The major contributions of this work are the following: (1) using SVD to reduce model output dimensions to improve computational efficiency in both building and evaluating an accurate surrogate of a large-scale ESM; (2) using Bayesian optimization techniques to quickly generate an accurate NN-based surrogate; and (3) applying the proposed method to build a large surrogate system of a regional-scale ESM to advance data–model integration. To our knowledge, the method of using SVD to enhance surrogate modeling is novel and we have not seen the application of Bayesian optimization to improve NN-based surrogates in Earth system modeling.

The paper is organized as follows. In Sect. 2, we first describe the sELM, the model parameters, and the QoIs we build surrogates for; following that, we introduce the SVD, NNs, and Bayesian optimization methods. In Sect. 3, we apply the methods to the sELM and analyze the surrogate accuracy. In Sect. 4, we discuss strategies to improve surrogate accuracy and investigate our method's performance in the application of these strategies. In Sect. 5, we end this paper by drawing our conclusions.

2 Materials and methods

2.1 Description of sELM and related parameters

We developed a simplified version of Energy Exascale Earth System (E3SM) land model (ELM), or sELM, to simulate carbon cycle processes relevant for Earth system models in a computationally efficient framework. This framework allows us to perform large regional ensembles that are computationally infeasible using offline land surface models such as ELM. The sELM is a combination of model elements from the Data Assimilation Linked Ecosystem Carbon model (DALEC; Williams et al., 2005) and the Community Land Model version 4.5 (CLM4.5; Oleson and Lawrence, 2013). The sELM consists of five process-based submodels that simulate carbon fluxes between five major carbon pools using 49 overall parameters. Based on previous sensitivity analysis using ELM (Ricciuto et al., 2018), this study considers the most sensitive eight parameters associated with four out of the five submodels. We summarize all five process-based submodels and their interactions below and in Fig. 1.

Figure 1Schematic of sELM, with processes shown using blue boxes with dependencies on environmental data; eight uncertain parameter inputs are listed in orange ovals, and model state variables are indicated by green shapes. Parameters are input to one or more processes as indicated by blue arrows. Model state variables may be outputs for some processes and input for other processes as indicated by red arrows.
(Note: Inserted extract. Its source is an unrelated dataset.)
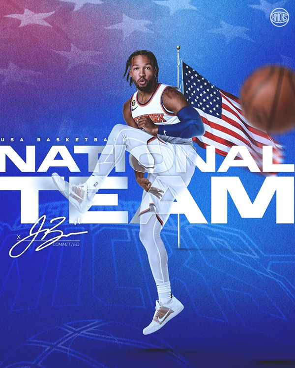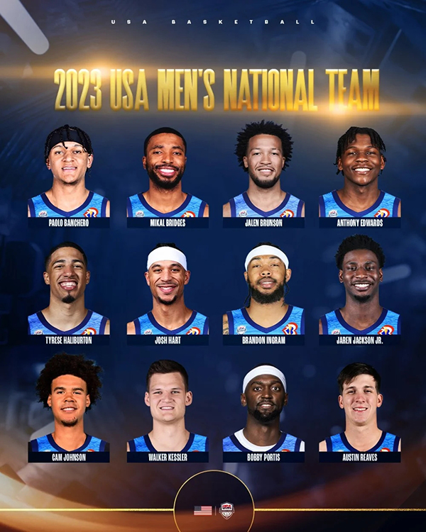 美国男篮12人大名单正式出炉——爱德华兹10号(森林狼队)、布伦森(尼克斯队)、里夫斯15号(湖人队)、米卡尔·布里奇斯5号(篮网队)、哈利伯顿4号(步行者队)、波蒂斯(雄鹿队)、英格拉姆7号(鹈鹕队)、小贾伦·杰克逊(灰熊队)、卡梅隆·约翰逊6号(篮网队)、凯斯勒(爵士队),班凯罗8号(魔术队),哈特(尼克斯队)。

The sELM consists of five major submodels: photosynthesis, autotrophic respiration, allocation, deciduous phenology, and decomposition. Photosynthesis is driven by the aggregate canopy model (ACM) from the DALEC, which itself is calibrated against the soil–plant–atmosphere model (Williams et al., 2005). ACM predicts GPP as a function of carbon dioxide concentration, leaf area index, maximum and minimum daily temperature, and photosynthetically active radiation. Here the GPP predicted by ACM is modified by BTRAN, which reduces GPP when soil water is insufficient to support transpiration. Because sELM does not predict soil moisture, BTRAN is calculated in a full ELM simulation and is fed into sELM as an input. ACM shares one parameter, the ratio of leaf carbon to nitrogen (leaf C : N), with the autotrophic respiration model and employs an additional parameter, the specific leaf area at the top of the canopy (slatop).

The remaining four submodules are based on ELM. The autotrophic respiration model computes the growth and maintenance respiration components and is controlled by four parameters, the leaf C : N, the ratio of fine root carbon to nitrogen (froot C : N), the base rate of maintenance respiration (br_mr), and temperature sensitivity for maintenance respiration (q10_mr). The allocation model partitions carbon to several vegetation carbon pools following those in ELM: leaves, fine roots, live stem, dead stem, live coarse roots, and dead coarse roots. In the allocation model, we only consider one parameter, the ratio of fine root to leaf allocation (froot_leaf). The deciduous phenology model is used to predict the timing of budbreak and senescence. It considers two parameters, the critical day length to initiate autumn senescence (crit_dayl) and the number of accumulated growing degree days needed to initiate spring leaf-out (crit_onset_gdd). The last submodel is a decomposition model that simulates heterotrophic respiration and the decomposition of litter into soil organic matter using the converging trophic cascade framework as in the CLM4.5 (Oleson and Lawrence, 2013). Because this study focuses on plant carbon uptake, no uncertain parameters are considered in the decomposition model. In sELM, nutrient feedbacks are not represented explicitly; however, a constant nitrogen limitation factor is included to downregulate photosynthetic uptake.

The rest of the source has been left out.